Directions –
Begin your transcription at the line containing "Large Updated Solar" and continue it, word for word, to the final line below. Include only those lines and skip the pictures.

Data to examine –
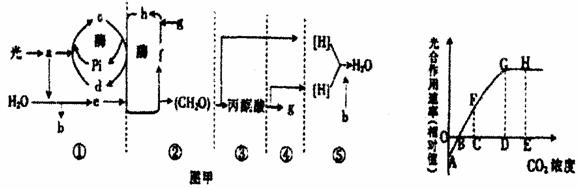 29.(14分)在光照条件下,小麦叶肉细胞内发生了生理过程①-⑤,如图甲所示(图甲中a-b为物质名称)。CO2浓度对植物光合作用速率的影响,如图乙所示。请回答:
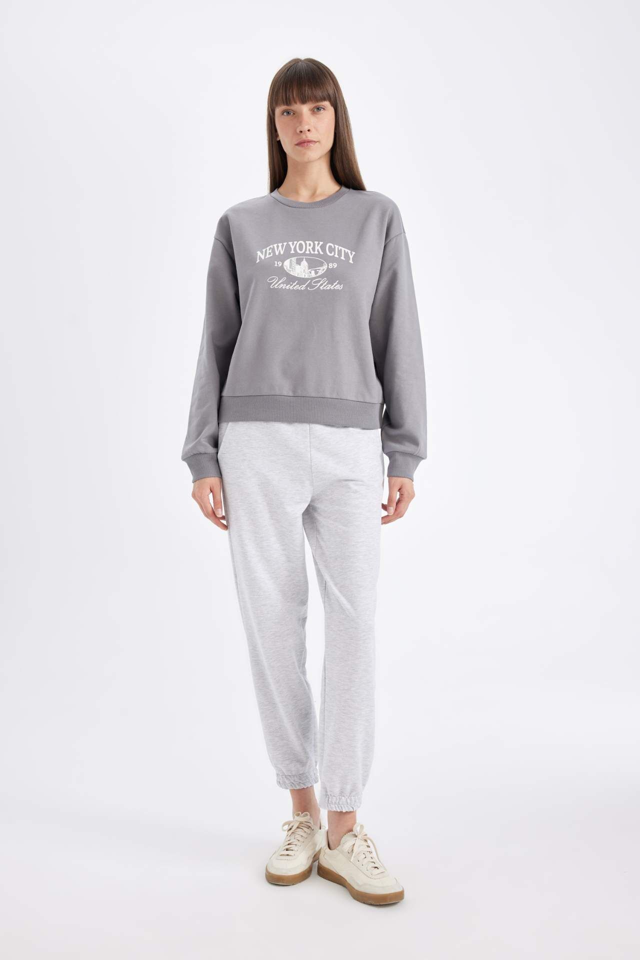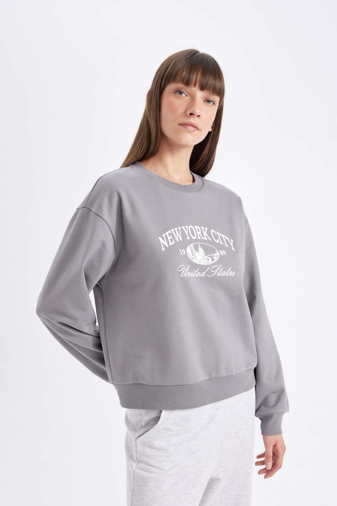 DeFacto DeFactoFit Regular Fit Bisiklet Yaka Baskılı İnce Sweatshirt
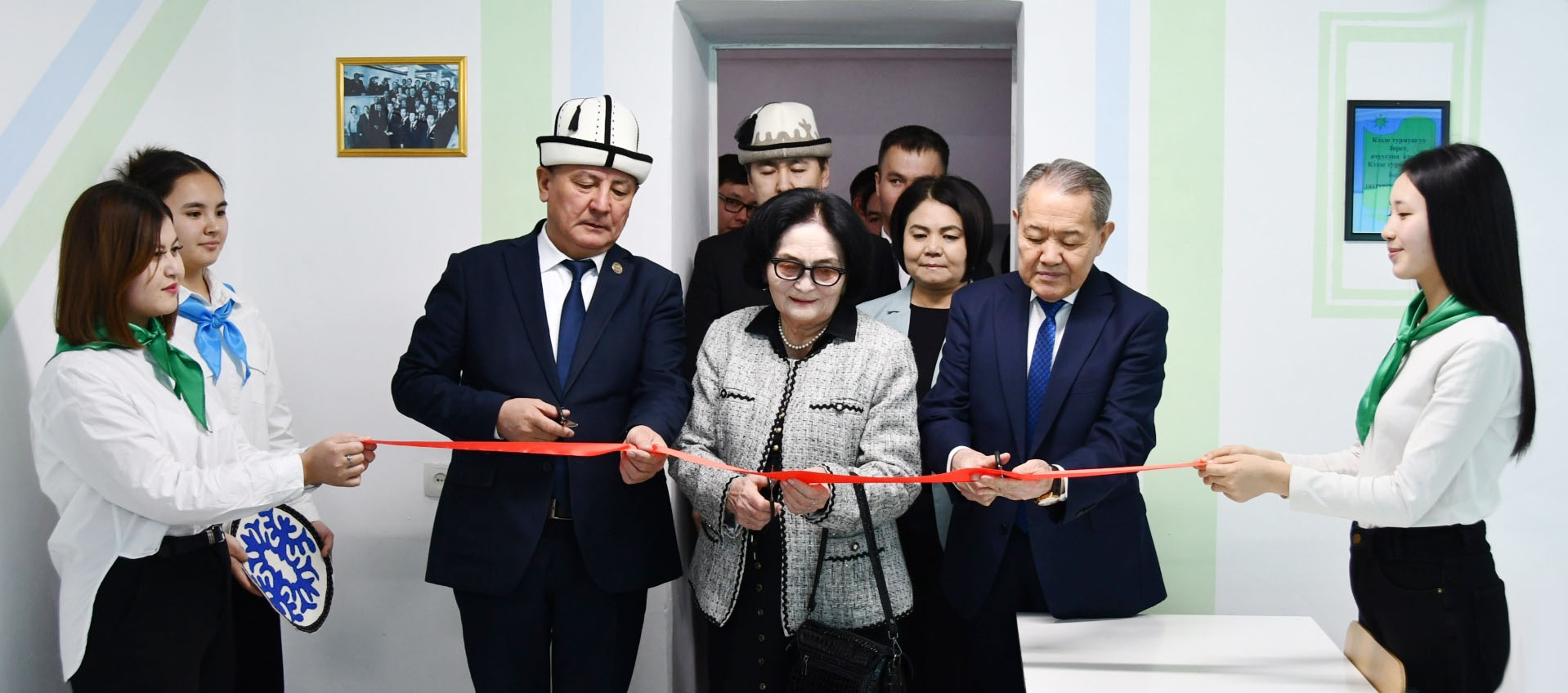 Салтанаттуу иш-чарага КУУнун ректору, профессор Догдурбек Чонтоев катышып, бул кабинет кыргыз элинин бай адабий мурасын терең өздөштүрүүгө шарт түзүп, студенттердин көркөм ой жүгүртүүсүн, тил маданиятын өнүктүрүүгө чоң мүмкүнчүлүк түзөөрүн, студенттердин сабакка болгон кызыгуусун арттырып, улуттук адабиятка болгон сүйүүсүн бекемдээрин белгилеп, бул саамалыкты ишке ашырууга салым кошкон окутуучуларга, демөөрчүлөргө жана уюштуруучуларга терең ыраазычылыгын билдирди. Сөзүнүн соңунда ректор аталган бөлүмдүн башчысы Мирбек Шарабидиновго Чынгыз Айтматовдун чыгармаларынын толук жыйнагы менен Улуттук университеттин 100 жылдык мааракесине карата чыгарылган «Жусуп Баласагын» энциклопедиясынын 5 томдугун жаңы кабинетке белек катары тапшырды.
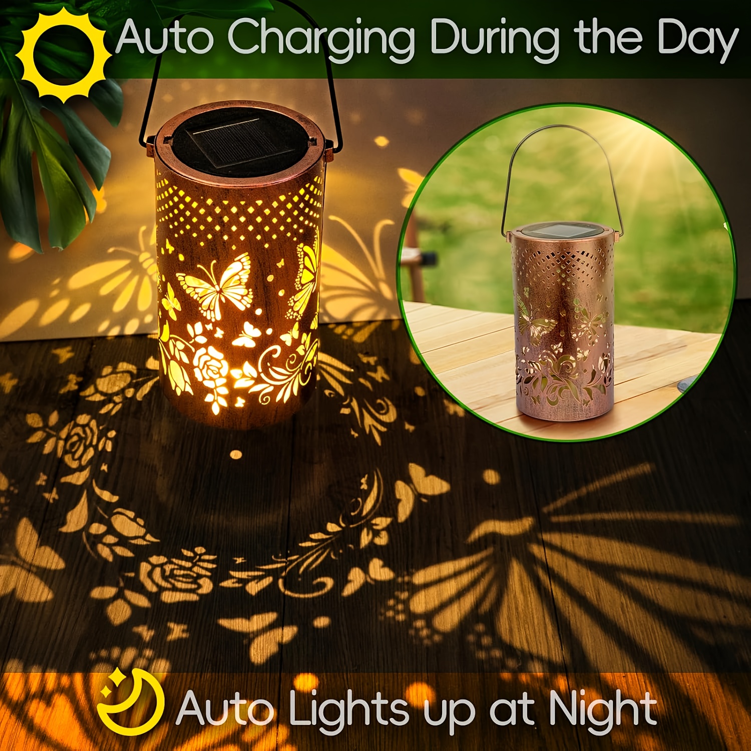 Large Updated Solar Iron Outdoor Decorative Lights - With 3D Dynamic Projection And Solar Battery, Floral And Butterfly Cutouts, IP65, Warm Ambiance Glow Suitable For Courtyards, Balconies, Or Lawns, Perfect Gift.
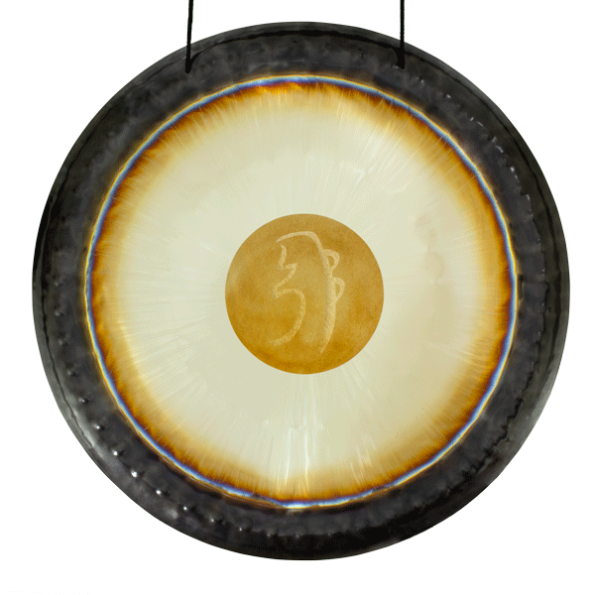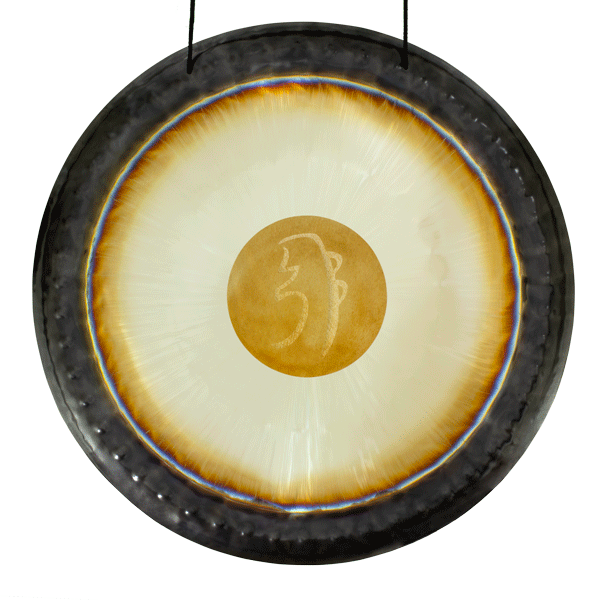 Gong sinfónico de 22” forjado en metal quemado con símbolo Om integrado. Sonido armónico y espiritual, ideal para meditación, limpieza energética y sanación vibracional.

Result –
 Large Updated Solar Iron Outdoor Decorative Lights - With 3D Dynamic Projection And Solar Battery, Floral And Butterfly Cutouts, IP65, Warm Ambiance Glow Suitable For Courtyards, Balconies, Or Lawns, Perfect Gift.
 Gong sinfónico de 22” forjado en metal quemado con símbolo Om integrado. Sonido armónico y espiritual, ideal para meditación, limpieza energética y sanación vibracional.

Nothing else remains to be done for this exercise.